Guided by the Ellen MacArthur Foundation’s Jeans Redesign project, the seven garments, including five pairs of jeans and two denim jackets, were made with durability, material health, recyclability, and traceability in mind. This was accomplished by rethinking the design of the jeans according to the circular principles, including using detachable buttons, the replacement of metal rivets with bar tacks, the removal of all metal zippers, removal of the leather patch, and use of 100 percent organic fabric.
Each piece has wash and care instructions on the pockets, along with advice on how to repair, donate or recycle the product after use.

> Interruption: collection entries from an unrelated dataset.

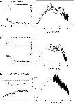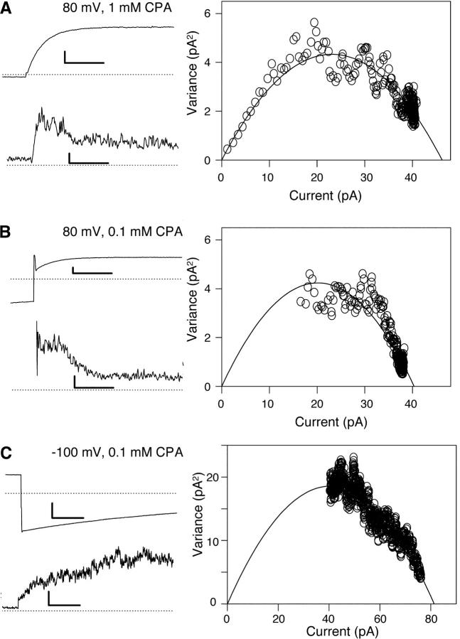 Figure 5. . Nonstationary noise analysis of mutant E166A in the presence of CPA. Examples of nonstationary noise analysis are shown under different conditions from different patches (A, test pulse to 80 mV after a prepulse to −140 mV in the presence of 1 mM CPA; B, test pulse to 80 mV after a prepulse to −140 mV in the presence of 0.1 mM CPA; C, test pulse to −100 mV after a prepulse to 80 mV in the presence of 0.1 mM CPA). On the left are shown the mean (top trace) and the variance (bottom trace), while on the right the variance is plotted versus the mean (symbols) and fitted with a parabola (line) as described in materials and methods. The parameters obtained by the fit are, A, i = 0.37 pA, N = 123, pmax = 0.88; B, i = 0.40 pA, N = 96, pmax = 0.95; C, i = 0.91, N = 89, pmax = 0.94. Bars: 5 ms, 10 pA, 1 pA2 (A and B); 10 ms, 30 pA, 5 pA2 (C). Similar results were obtained in a total of four patches.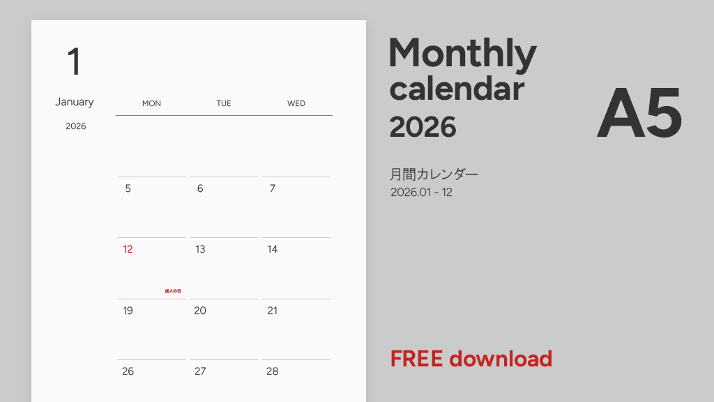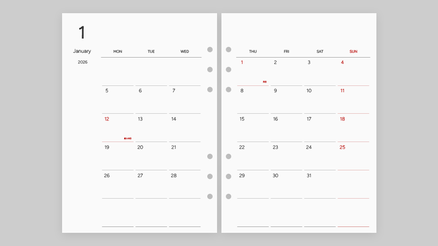 手帳リフィル┃ マンスリーカレンダー 2026 / 1月始まり / A5 / 無料ダウンロード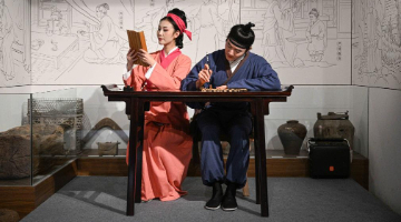 8月26日,游客在嘉兴市南湖区月河历史街区的七夕主题展板前拍照打卡。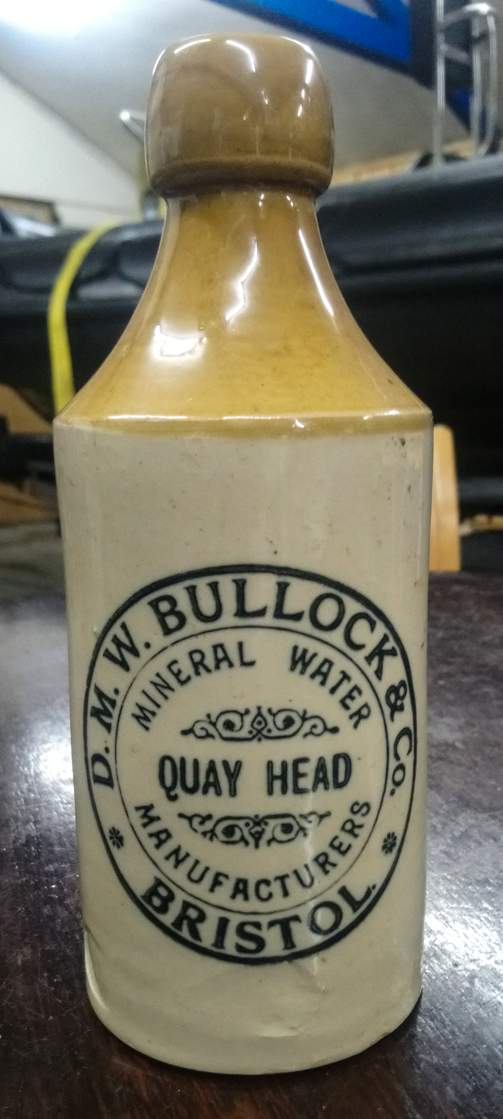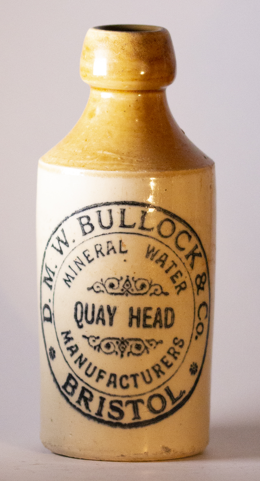 oval: D. M. W. / BULLOCK / & Co. / BRISTOL. Glassworks: not marked. "B" in triangle on base. Bottle courtesy Andrew Ward. |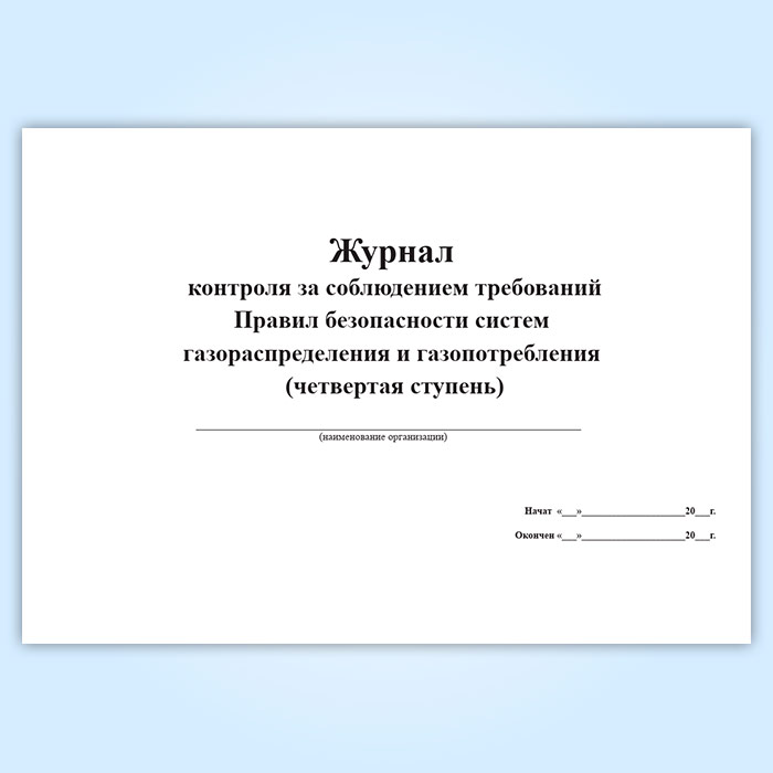 Журнал контроля за соблюдением требований Правил безопасности систем газораспределения и газопотребления (четвертая ступень) в Волгограде купить

“Sustainability has become a driving force for our brand and our business,” said Martijn Hagman, chief executive officer of Tommy Hilfiger global. “As a leading fashion brand, we have a responsibility to drive the transition to a circular economy and we are proud to work alongside the Ellen MacArthur Foundation to achieve this. This shift requires a full rethink of the fashion value chain, and these pieces are a testament to the skill, expertise and dedication of both teams as we continue to push the boundaries in both design and manufacturing. This is just one step on our path to creating fully circular products.”
Francois Souchet, Make Fashion Circular Lead of the Ellen MacArthur Foundation said, “As a denim industry leader, and one of the first brands to sign up to Jeans Redesign, Tommy Hilfiger is demonstrating how we can all work together to redesign fashion’s future. The launch of this collection is an exciting step toward a circular economy for fashion where the clothes we love never become waste.”

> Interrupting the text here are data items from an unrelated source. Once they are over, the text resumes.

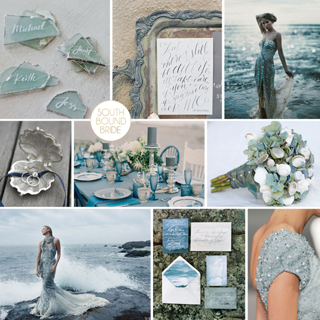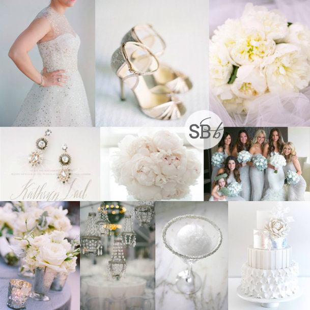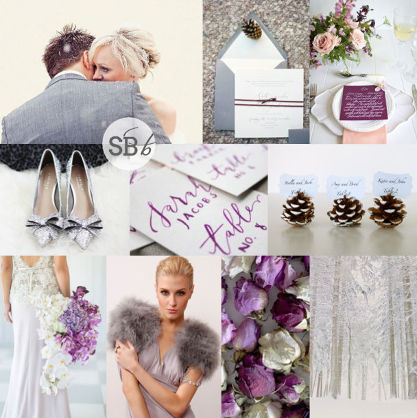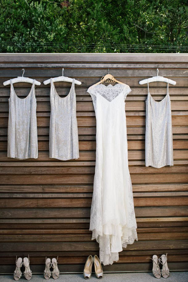 Top (l-r): Bride with updo (Heather Hawkins/Makeup Santa Fe) | Invitations (Kaitlin Maree Photography/Wedding Playbook/Love Notes Australia) | Silver bridesmaids (Bryce Covey Photography)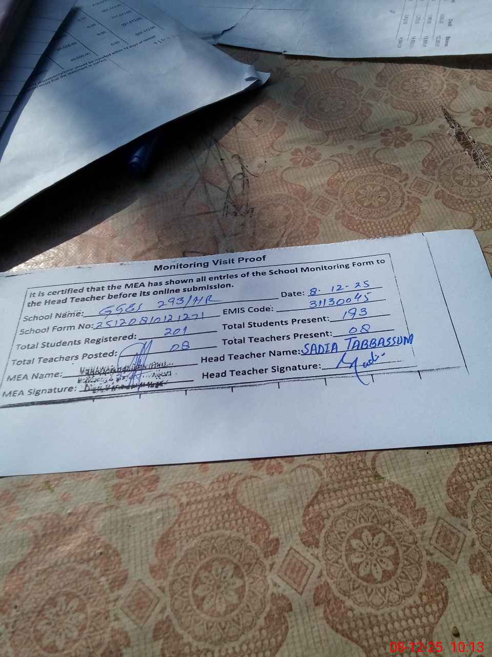 | Attendance Register | Head Teacher | MEA with School | Visit Proof |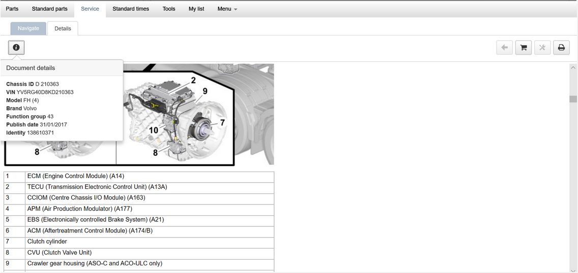 Volvo Trucks & Buses B11R, Spare Parts Catalog

This collection is part of Hilfiger’s ongoing commitment to eliminate waste by innovating for circularity. To date, Hilfiger has trained more than 80 percent of its designers on circular design principles and recently launched Tommy for Life, its first circular business model. Under this program, the company takes back items from customers and partners, cleans, repairs and resells them, keeping products in use longer. The company has produced more than two million pieces of lower impact denim, which is finished through a process that uses less water and energy than traditional processes and has become the first major company in the denim market to use 100 percent recycled cotton at scale.
Hilfiger’s Make It Possible program seeks to create fashion that “Wastes Nothing and Welcomes All.” Make It Possible is powered by PVH’s Forward Fashion strategy, a set of 15 priorities designed to reduce negative impacts to zero, increase positive impacts to 100 percent and improve over one million lives across its value chain.